This is the place where us wide-eyed newbies can rub shoulders with the more experienced crowd, those who’ve stuck it one, two, or even three years. These guys have a steely end-of-the horizon stare and the ability to discuss worms burrowing from their eyeball without a shudder.
In fact, seems you don’t get respect in the Peace Corps until worms emerge from somewhere in your body. The crazier the better.
Guess there’s no surprise the in-country volunteer dropout rate is close to one in two.
I’m determined to stick it out, even if it means coating myself with hand sanitizer and ordering in a self-help library. I love my students’ exuberance and my work site right near beautiful Lake Malawi. Everything here is totally different. The food. The language. The clothing. The smells.
Nothing to trigger painful memories.
No one is around when I drop my bags in the sparse hostel room. I unpack my mosquito net and check and recheck for holes. That’s when I hear the moans coming from next door. I’m not alone after all. Lilongwe is the place for volunteer hookups—people are determined to make Happy Days live up to its bold promise. The bed hopping reaches epidemic proportions.
I do my sleeping alone. Turns out I’m remarkably gifted at the cold shoulder. Guess I learned from a master.

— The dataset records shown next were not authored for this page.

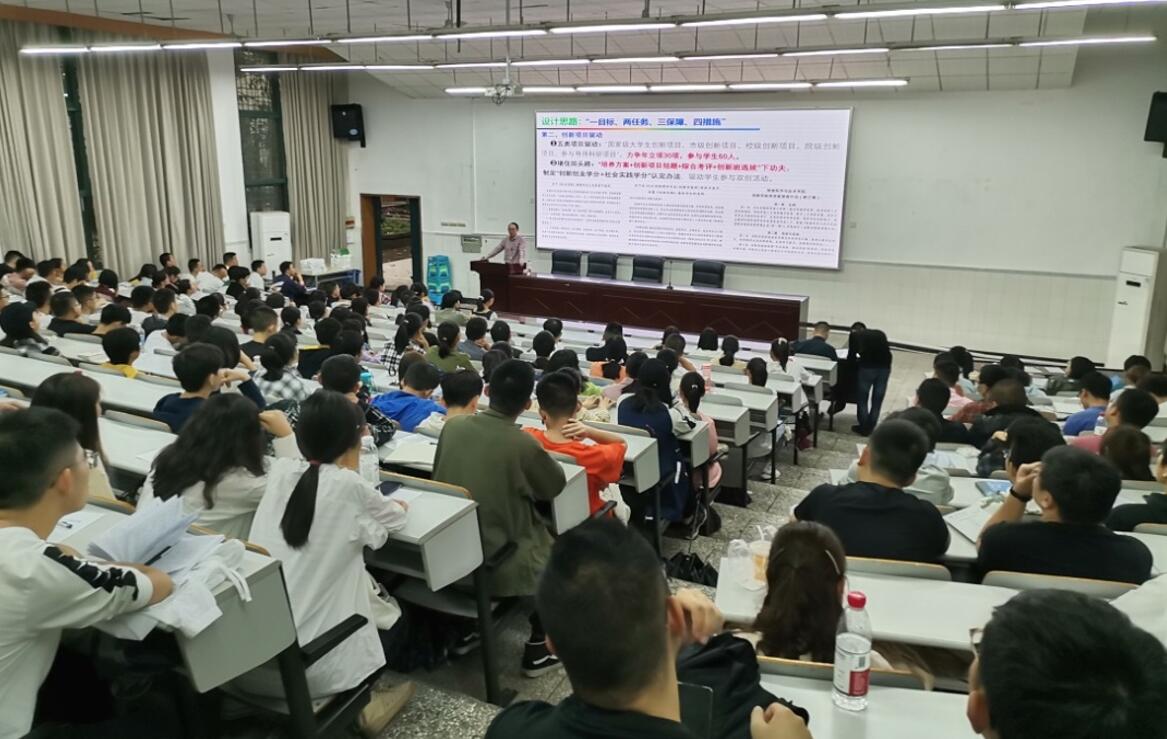 讲座结束后,a片无码 副院长邓涛教授为同学们带来了以“本科生科技创新活动体系的构建与实践”为主题的专题讲座,为2020级新生进行了专业目标导航。邓教授一开始从现实背景出发,介绍了在大众创业、万众创新的时代背景下,a片无码 本科生科技创新活动的培养理念与培养特色;随后,邓教授又通过系统阐释“一目标、两任务、三保障、四措施”,详细介绍了a片无码 本科生科技创新活动体系的设计思路;最后,邓教授向同学们展示了在本科生科技创新活动体系引领下,a片无码 本科生在科研创新领域取得的一系列成绩,鼓励大家积极进取,潜心科研。
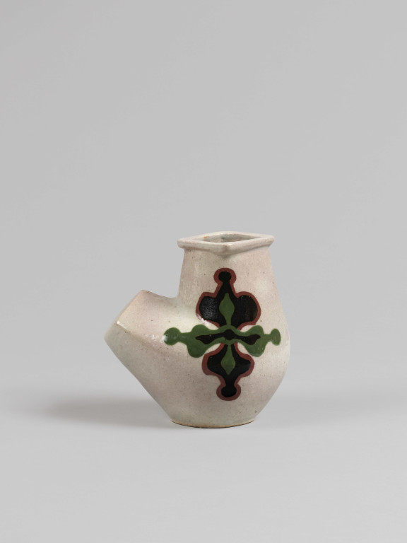 河井寬次郎:白地花文扁壺 (c.1950)
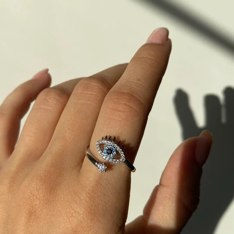 💖 Turkish evil eye ring to protect from evil and bad energy. The lucky pendant protects you, your family, and friends. There is nothing more stunning than an elegant piece of jewelry — and this is exactly what an evil eye ring brings to you for fashion. Their minimalist design brings out the beauty in the simplest of things, such as the artistry of the curved ring and the brilliance of the metal it was made from.
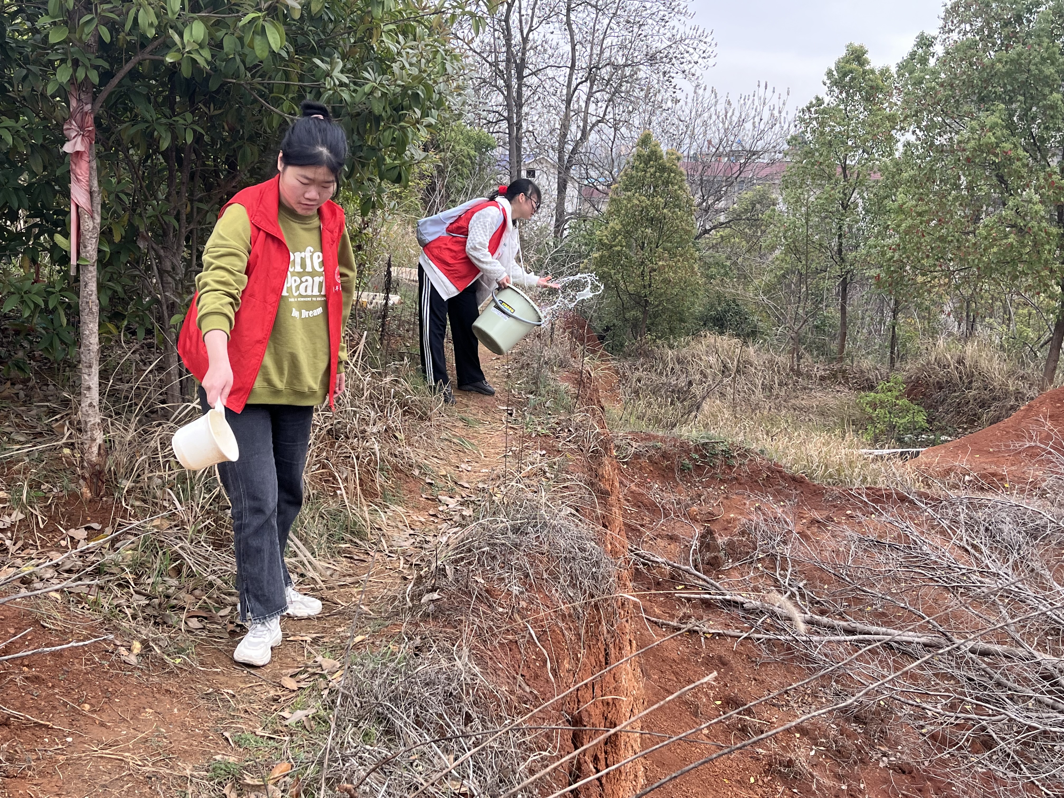 (我院志愿者为花种浇水)
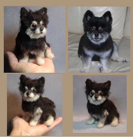 Custom dog sculptures and pet portrait memorials, needle felted animals.
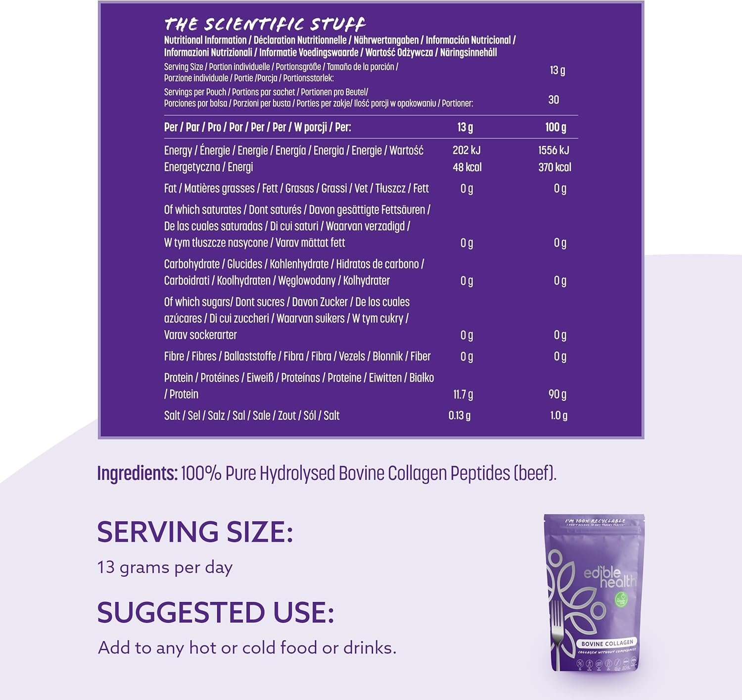 Edible Health Premium Collagen Powder 400g – Types 1 & 3 Protein Peptides, 18 Amino Acids, Hydrolysed Bovine Collagen, Paleo Keto Kosher Halal
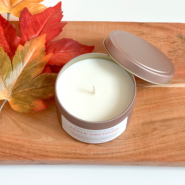 - Pet-friendly soy scented candle in a frosted rose gold tin container

I trudge to the Peace Corps head office and guys look right through me. Street heckling, a usual part of my day-to-day at home, is unknown here. No one tells me to “smile” or calls me “beautiful.” I’ve lost fifteen pounds since arriving and the local menfolk prefer more voluptuous women.
I stride past the compounds; high walls lined with broken glass bottles surround fancy houses, and armed guards linger out front. A little boy in a hot-pink shirt that hits near his ankles, bedazzled with the word DIVA, chases after me. Western clothing donations are sent here from all around the world. It’s not unusual to see a guy squeeze into a tummy-revealing Little Mermaid halter or a teenage boy fronting tough in a Barbie tee.

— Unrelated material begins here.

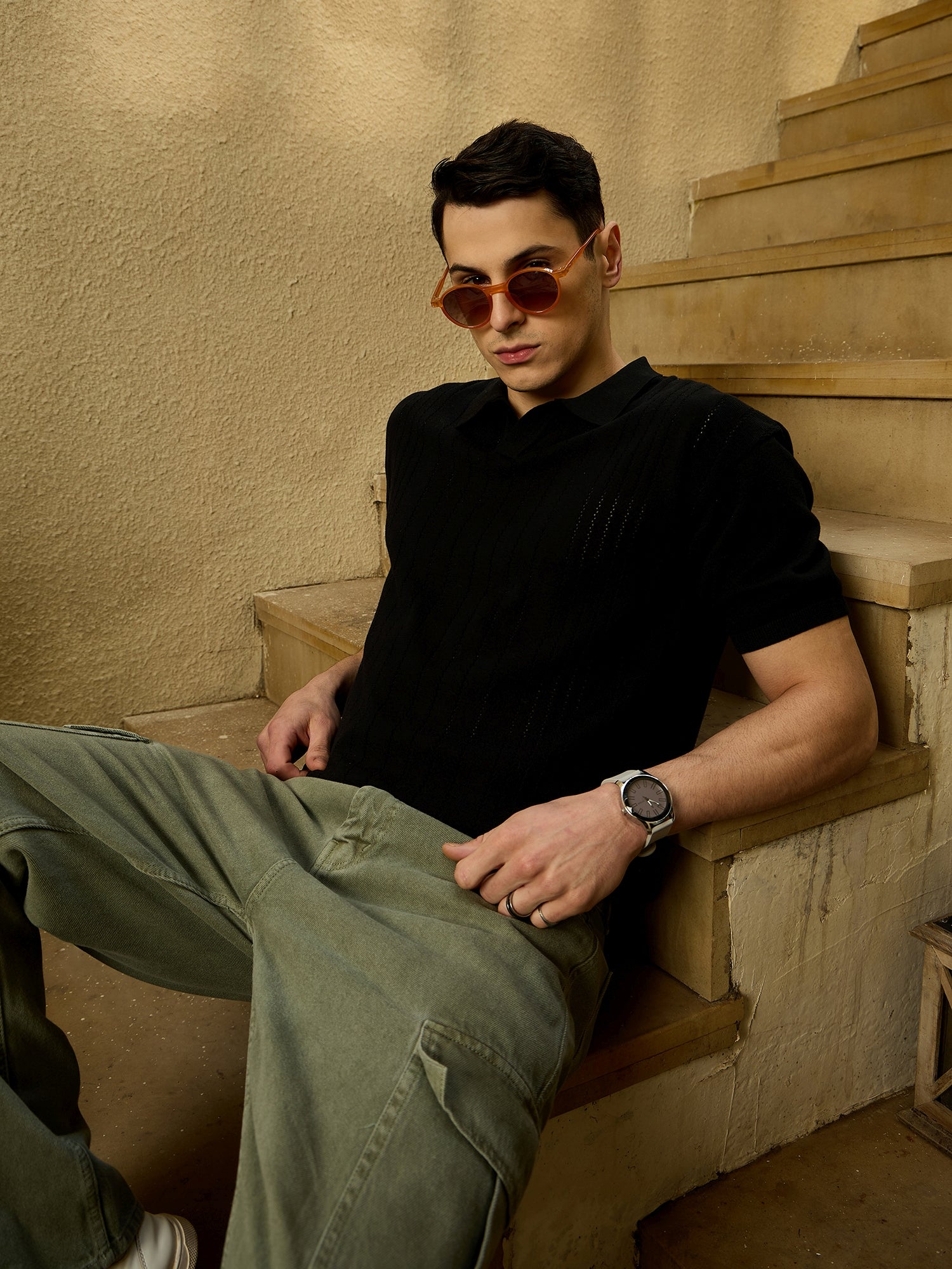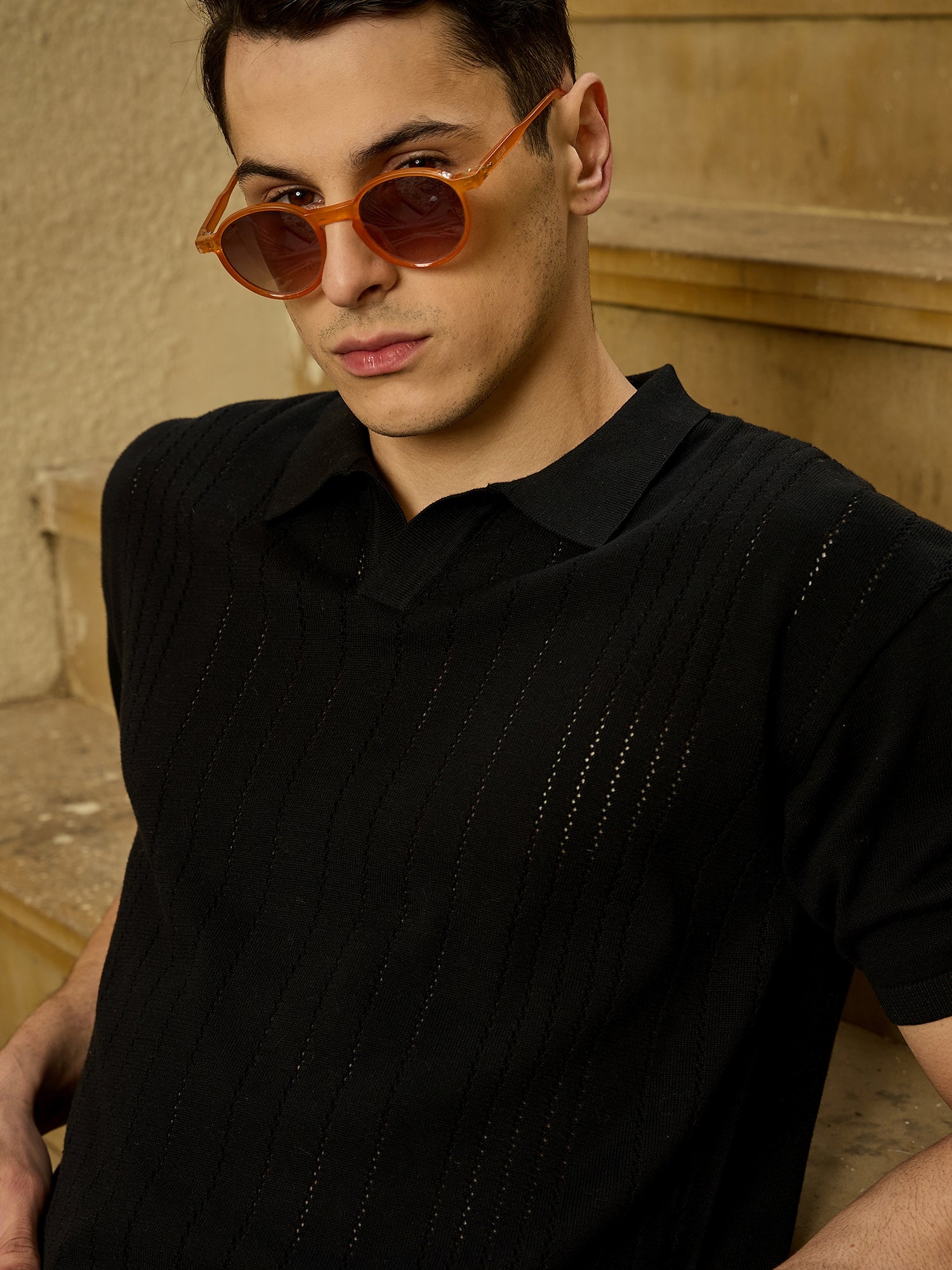 Black Textured Oversized Semi Sheer Knitted T-shirt ,has a Polo collar, no pocket, Half regular sleeves, full front coverage Self Design
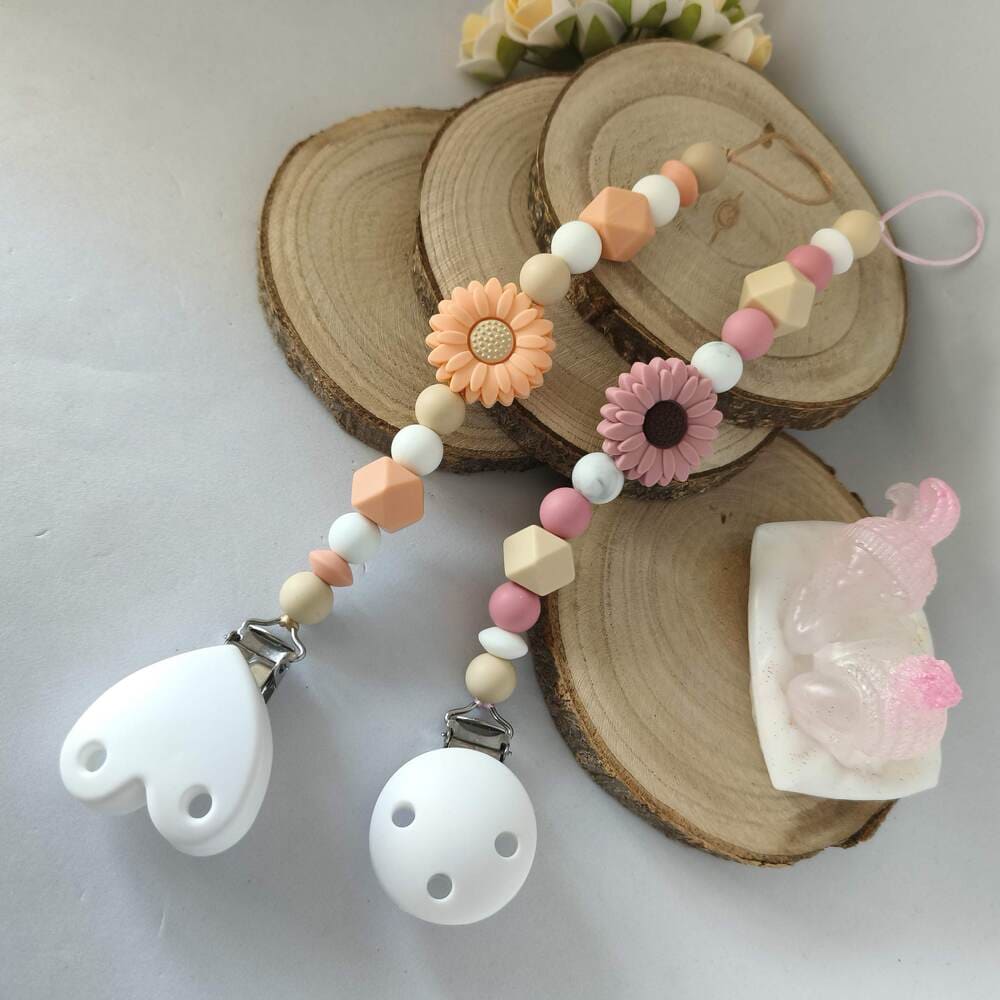Mes attache tétine Flower personnalisé est le choix idéal pour les parents en quête d'un accessoire à la fois pratique, élégant et sécurisé pour leur bébé. perles en silicone sans prénom.

“Mzungu!” cries the boy. “Mzungu!”
White person.
The word is a soundtrack to my day.
Outsider.
I close my eyes for a second and see Bran’s face, right there, always with me.
Time is supposed to heal, but in this case, I’m not sure what remains under my scar tissue. I scan my body, starting at my scalp. So far I’m coping okay. I stopped taking medication before leaving because mental illness disqualifies you from fieldwork. No one did any hard-core background check. This is the Peace Corps, not the FBI. I did manage to avoid getting prescribed Lariam for an antimalarial—heard that drug can totally mess with your head.

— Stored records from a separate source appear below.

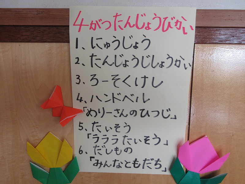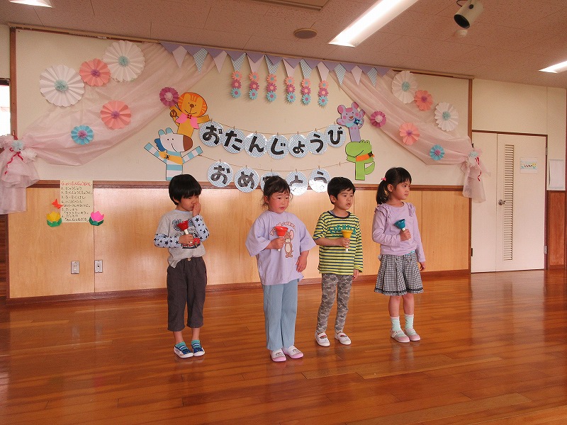 うららかな陽気と共に、今年度がスタートして約1カ月がたちましたね。今日は4月生まれのお友達のお誕生会でした。
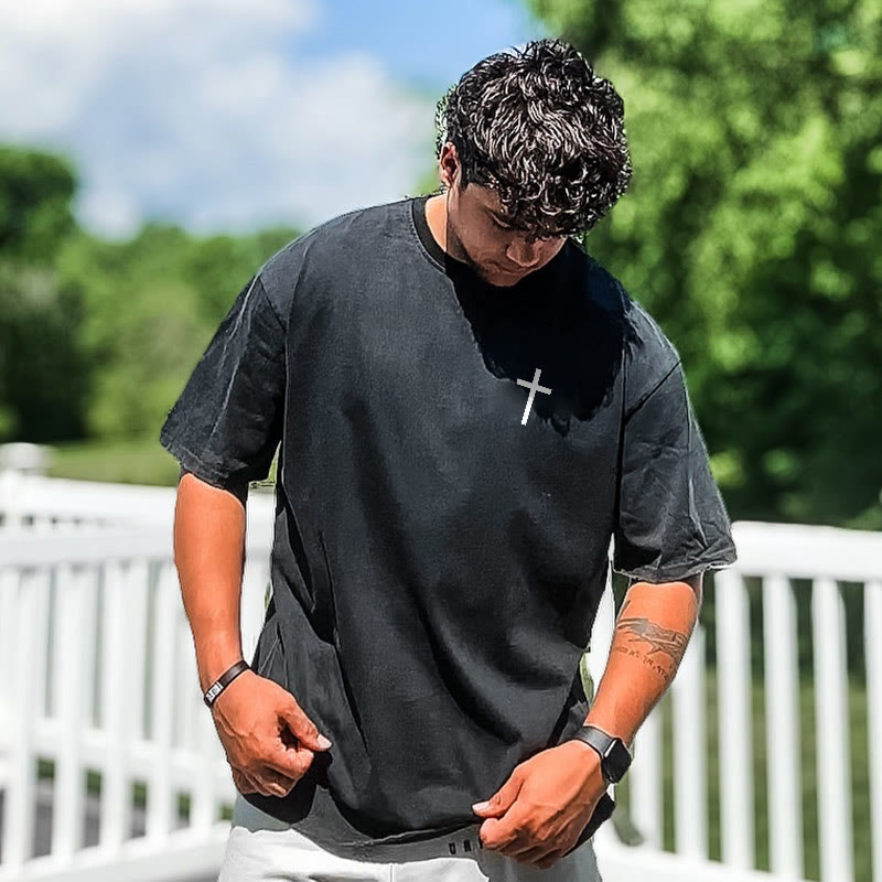 Fight For Faith Print Acid Washed T-shirt
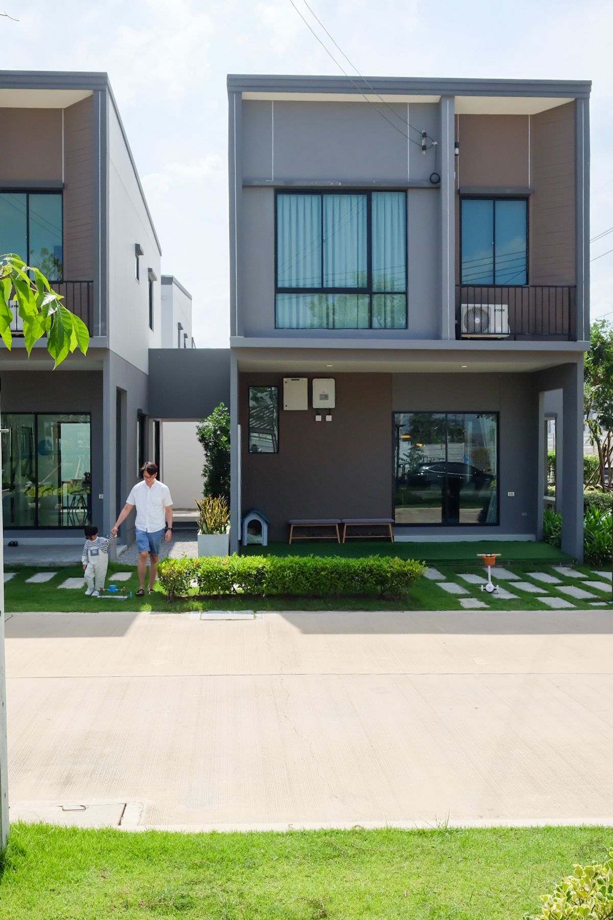 แบบบ้าน THEE หน้าบ้านกว้าง 5.7 เมตร ฟังชั่นบ้านเดี่ยว 4 ห้องนอน 3 ห้องน้ำ จอดรถในบ้านได้ 2 คัน ทาวน์โฮมใหญ่ หน้ากว้าง มาก ติดตั้งโซล่าร์ กลางวันใช้ไฟฟรี คลับเฮ้าส์ขนาดใหญ่ 2 ชั้น ฟิตเนส สระว่ายน้ำ Co-

All I can do is hope for the best. For me.
For him.
I walk into the Peace Corps office and the receptionist calls out, “Natalia! Mail for you.”
Sunny and Beth must have sent another care package.
An envelope is on the counter. For a second I wonder if it’s from Mom. Maybe she’s decided to stop being MIA at last. I lift the note and at the sight of the familiar block letters, my stomach pays a hasty visit to my ankles. The stamp is from New Zealand and the date is over a month old.
By the time I make it to a chair, my hands are shaking so hard I can barely tear the paper.
Talia—
I hope the fact that you are reading and not burning this letter is a positive sign. This is old-fashioned but I don’t have a choice. Your UCSC e-mail must have been deleted after you graduated. Luck’s on my side today—there’s a documentary crew visiting the ship with a reconnaissance helicopter. They say they’ll mail this letter for me but I’ve got two minutes to write. Here goes nothing.
I am so fucking sorry.
Do you still care? I do. I made you a promise to hold on. This is me holding, Talia, to the chance you’ll give us another go. I confused holding with death grip. You were right. I lacked faith, freaked out that if you left, your love would vanish.
But I can’t live a life expecting disappointment or fearing ghosts.
I get who you are—to your bones—and the simple fact this crazy-ass world can hold such an amazing person within its gravitational pull should be more than enough to give me confidence.
You had every right to want to claim your own life and independence. I should have been the guy to love and support you. I wasn’t but will never make that mistake again.
They’re saying I have to stop writing. Fuck, there’s still so much to say. I talk to you all the time in my head. Do you ever hear?
I have no clue what the next steps are, but there’s got to be a way. So here’s the million-dollar question. Will you give us another chance? Let me prove I can love you no matter the distance. You are worth it. You are worth everything.
I don’t know how long I stare at his hastily scribbled words. He’d pressed on the paper so hard the pen tore through in a few areas. I close my eyes and tears cascade over my cheeks. Bran included an e-mail address for the ship under his scrawled signature.
It takes the length of a heartbeat to arrive at my decision. After four deep breaths, I’m moving to the computer room. I know what I want to say, what I’ve imagined saying a thousand times, but here in the actual moment…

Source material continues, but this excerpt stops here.